For each test case, output a single integer: the minimum possible sum of weights of the intervals after your operations.

Example

input

2
2
8 3
12 23
100 100
4
20 1 2 5
30 4 3 10
2 3 2 3

output

2400
42

Note

In the first test case, you can make

• $l = [8, 3]$;
• $r = [23, 12]$;
• $c = [100, 100]$.

In that case, there are two intervals:

• interval $[8, 23]$ with weight $100$ per unit length, and $100 \cdot (23-8) = 1500$ in total;
• interval $[3, 12]$ with weight $100$ per unit length, and $100 \cdot (12-3) = 900$ in total.

The sum of the weights is $2400$. It can be shown that there is no configuration of final intervals whose sum of weights is less than $2400$.

In the second test case, you can make

• $l = [1, 2, 5, 20]$;
• $r = [3, 4, 10, 30]$;
• $c = [3, 3, 2, 2]$.

In that case, there are four intervals:

• interval $[1, 3]$ with weight $3$ per unit length, and $3 \cdot (3-1) = 6$ in total;
• interval $[2, 4]$ with weight $3$ per unit length, and $3 \cdot (4-2) = 6$ in total;
• interval $[5, 10]$ with weight $2$ per unit length, and $2 \cdot (10-5) = 10$ in total;
• interval $[20, 30]$ with weight $2$ per unit length, and $2 \cdot (30-20) = 20$ in total.

The sum of the weights is $42$. It can be shown that there is no configuration of final intervals whose sum of weights is less than $42$.

 

解题思路

  首先为了使得分数最小，根据排序不等式应该让数组 $c$ 以值为关键字，区间以长度为关键字，一个升序另外一个降序，然后对应项相乘并对乘积的结果求和。

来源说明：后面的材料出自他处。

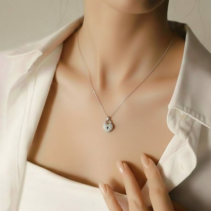 Fascinant et attrayant, ce collier en or blanc 375/1000 (9 K) représente l'élégance douce qui sublimera les regards. Il est formé d'un ensemble de mailles de 0,5 mm chacune qui composent une chaine de 42 cm de longueur avec un poids de 1,60 gramme. Celle-ci comporte un ravissant motif cadenas prenant la forme d'un cœur. Ce dernier est encastré en totalité avec des pierres en oxyde de zirconium dont la brillance révèle toute la beauté. Ce motif mesure 12 mm de largeur, 9,30 mm de hauteur et 1,35 mm d'épaisseur.

  另外容易知道对于任意合法的区间构造方案（即区间的右端点大于左端点），区间的总长度是一个定值 $\sum\limits_{i=1}^{n}{r_i} - \sum\limits_{i=1}^{n}{l_i}$。因此在这个前提下，应该如何构造区间才能使得分数最小。

  考虑例子 $l = [1, 2], \, r = [3, 5], \, c = [1, 2]$。有两种构造方案，分别是 $[1, 3]$ 和 $[2, 5]$，对应的分数是 $(5 - 2) \cdot 1 + (3 - 1) \cdot 2 = 7$。另外一种是 $[1, 5]$ 和 $[2, 3]$，对应的分数是 $(5 - 1) \cdot 1 + (3 - 2) \cdot 2 = 6$。很明显第二种方案会更优，可以发现第一种方案中两个区间是相交的（非包含），而第二种方案的区间是包含的，可以证明把两个相交的区间变成包含关系，分数会变小。

  假设现在有两个区间 $[l_1, r_1]$ 和 $[l_2, r_2]$，并且满足 $l_1 < l_2 < r_1 < r_2$，$r_1 - r_1 \leq r_2 - l_2$，$c_1 \leq c_2$，那么此时分数是 $(r_2 - l_2) \cdot c_1 + (r_1 - l_1) \cdot c_2 \ldots (1)$。将 $r_1$ 和 $r_2$ 交换，区间变成包含关系，分数变成了 $(r_2 - l_1) \cdot c_1 + (r_1 - l_2) \cdot c_2 \ldots (2)$。令 $(1) - (2)$ 得到 $(l_2 - l_1) \cdot (c_2 - c_1) \geq 0$，得证。

  因此只要存在两个区间是非包含的相交关系，则将其变成包含关系，那么最后得到的 $n$ 个区间中的任意两个区间都满足包含关系。要得到这些区间的方法是把所有的 $l_i$ 和 $r_i$ 放到一起排序，从小到大枚举，如果发现是左端点的值，则将其压入栈中，如果是右端点的值，则与栈顶元素匹配变成一个区间，并把栈顶元素弹出（整个过程类似于括号匹配，每个右端点尽量匹配到最靠近的左端点）。最后把得到的 $n$ 个区间按长度排序，与数组 $c$ 对应项相乘并求和即可。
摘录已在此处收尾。